My god I miss New York City. Yes, I’m writing this from my apartment in Brooklyn. But I miss The City. The subway. The millions of tiny communities you find yourself in at any moment. The time a drunk girl fell asleep on my shoulder on t J and woke up to tell you that you’re the
nicest person she’d ever met. The time a man got a text and started sobbing while sitting next to me on the L and when I asked him if he was okay, he cracked a giant smile and said, “I’m going to be an uncle!” Buying strawberries at the farmer’s market and sitting on the steps
of union square to eat them. The Hare Krishnas in their orange gear. Running into someone I know but haven’t seen for years on a random corner of 5th Avenue in the 20s. Getting mad the train is late. My favorite cafe where the barista never charged me and I always dropped a
ten spot into the tip jar instead. Knowing the best places to hang out to smoke a bowl inconspicuously. Walking from park to park to park to park on a sunny afternoon.
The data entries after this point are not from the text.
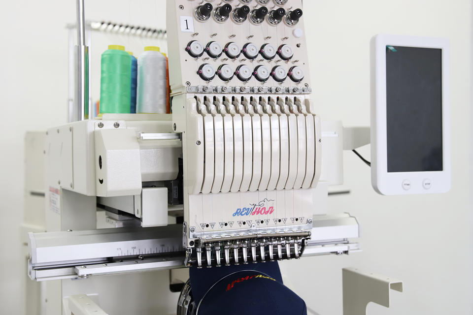 เครื่องปักผ้าคอมพิวเตอร์แบบหัวเดียว รุ่น REVHON จากโรงงานจีน ความเร็ว 1200 รอบต่อนาที 9/12 เข็ม สำหรับงานปักผ้าระดับมืออาชีพ
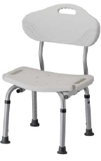 * Packaged: 2/cs;sold by case * MSRP: $89.95/each * HCPCS code: E0245 * Back is removable & has 2-position adjustments * Large contoured back for extra comfort * Has slots for hand held shower * Overall dimensions: 17.5"w x 18.5"d * Seat dimensions: 19.75"w x 13"d * Seat height: 14"-20" * Unit weight: 5lbs. * Height adjust: 15"-21.5" * Seat dim: 19"w x 11"d * Wt cap: 300lbs.
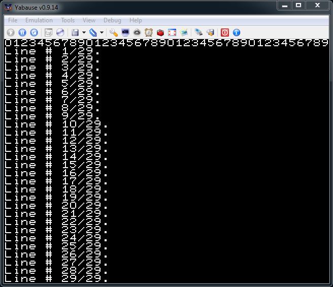 jo_printf(0, i, "Line # %d/%d.", i, 29);
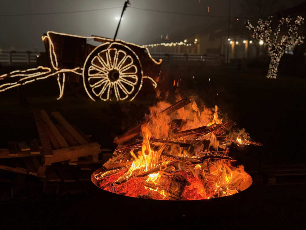 A pochi chilometri da Milano e da Monza, La Camilla si trova in una porzione di Brianza che conserva ancora un rapporto diretto con la terra. Arrivare qui, in una sera d’inverno, significa lasciare alle spalle il traffico urbano per entrare in un paesaggio di prati, alberi e silenzi. Nel cortile, un grande braciere acceso segna l’ingresso e crea un punto di riferimento visivo e conviviale. L’accoglienza prosegue con un breve tragitto a bordo di una golf-car, che accompagna gli ospiti fino alle camere attraversando i viali interni della tenuta.
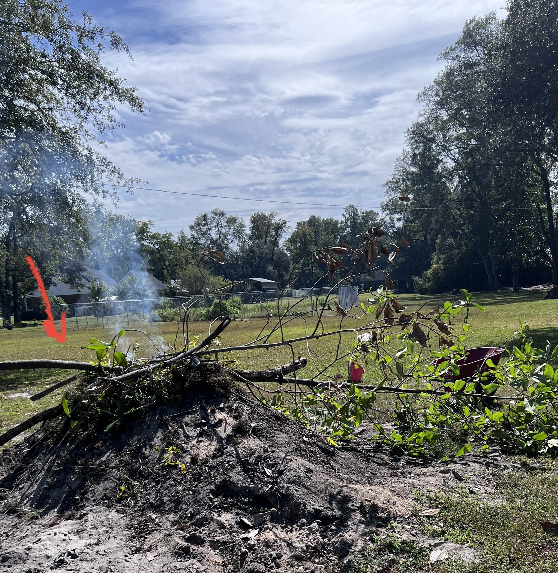 А еще работала сегодня дровосеком. Одна магнолия, довольно толстая в диаметре- но росла как бы вповалку. Решила я ее срубить. Сначала думала, что не получится, но через полчаса работы с топором, я ее сделала. Горит сейчас в костре. Высокое довольно дерево было. Вот, на снимке ствол.
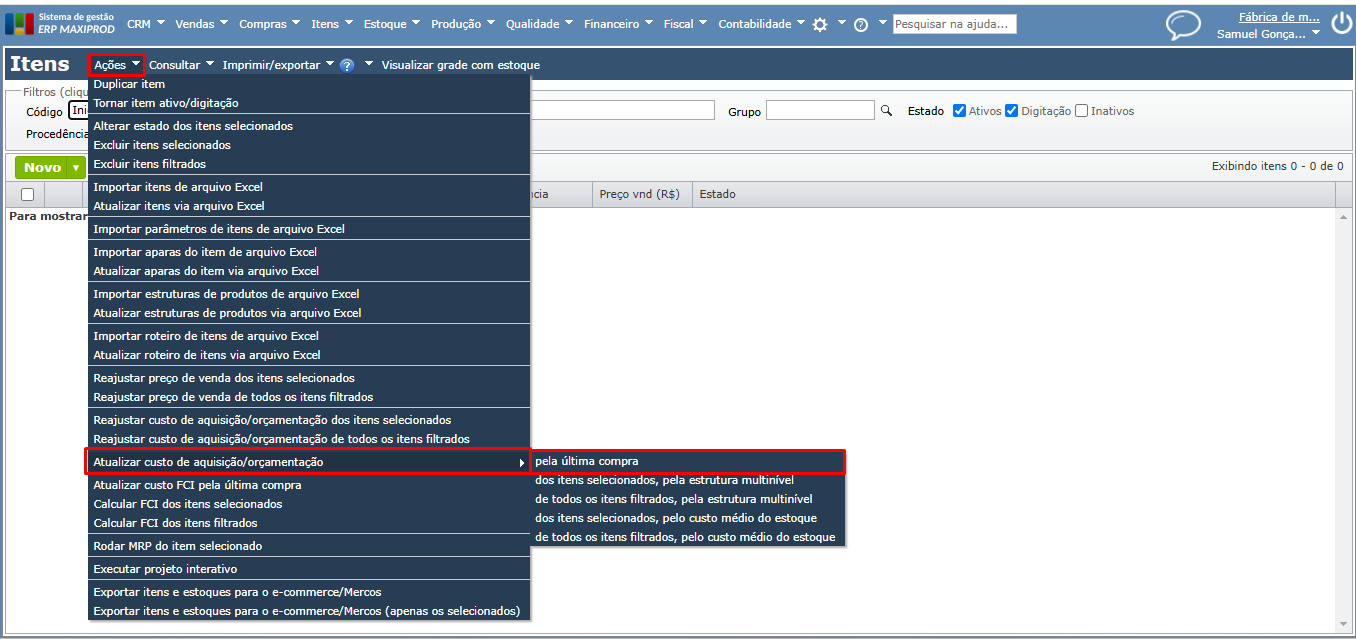 1) Para atualizar o custo de um produto a partir da última compra, abra a grade de itens, e clique no menu “Ações” > “Atualizar custo de aquisição/orçamentação” > “pela última compra”.
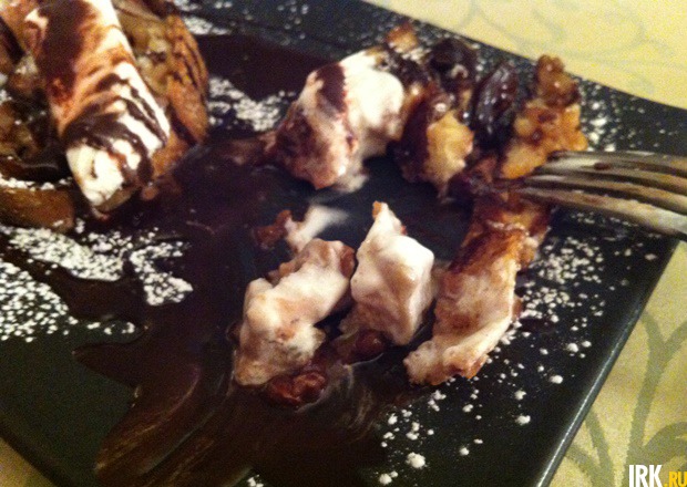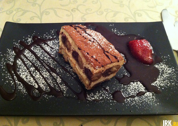 Блюдо, не имеющее никакого отношения к итальянской кухне, нам просто захотелось здесь попробовать. Удивились крайне, увидев три тонюсеньких слоеных ломтика с изюмом и небольшим количеством яблок, политых шоколадным соусом и «украшенных» ломтиками пломбира странной неровной формы. Форма у десерта отсутствовала: сложно было отломить кусок – все разваливалось и превращалось в кашу. На вкус — как вымокшее слоеное тесто с изюмом, в шоколаде и мороженом.
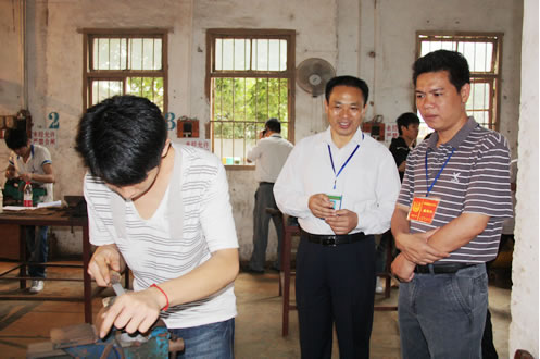 钦州市人力资源和社会保障局培训科领导(右一)和我校领导巡视钳工考试有关领导巡查摩托车维修工的技能操作考核车工考试现场维修电工考试现场
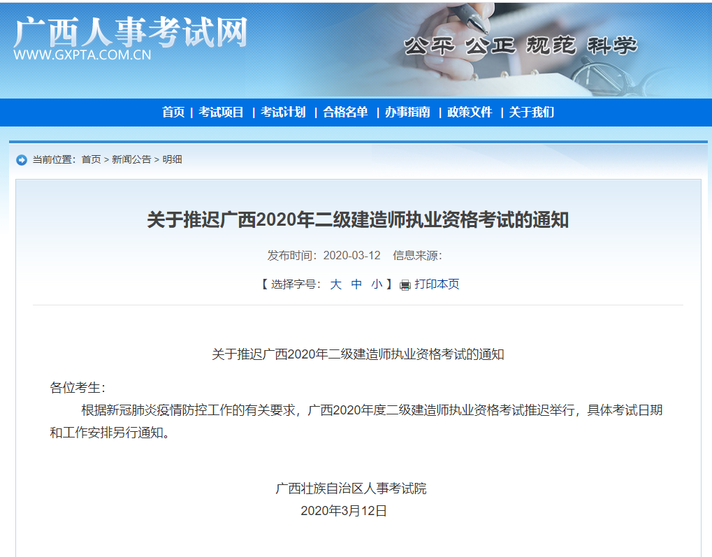 關于推遲廣西2020年二級建造師執(zhí)業(yè)資格考試的通知

Hiding under a scaffolding with fifty other people in a summer cloudburst. Going through neighborhoods I haven’t
been to in years and yelling over how the neighborhood has changed - “what the fuck? High rises in Long Island City? None of this was here when I was in high school.” Studiously avoiding certain blocks where an ex works. Running out of that favorite cafe because you spotted the
old boss sitting next to the counter and uoi do *not* want to talk to her. The constellation of people. The neighborhood regulars and the daily tide. Never going to Times Square. Theater, or the possibility of going to the theater even though I’m not going. Meeting a new friend
for gluten free bagels in a neighborhood where neither of you live. Feeling guilty that Bronx-dwelling friend is traveling all that way on the train to come see you in Brooklyn because living in different boroughs is a long-distance friendship. Those pockets of neighborhoods
that were deeply significant at one point in your life but no more, and the current of memories permanently ebbing and flowing within those city blocks; change what may, there you once lived, there you once breathed and became a part of this place’s story. One day, this to will
be a part of this place’s story - you will look, marked out on a map, You Are Here.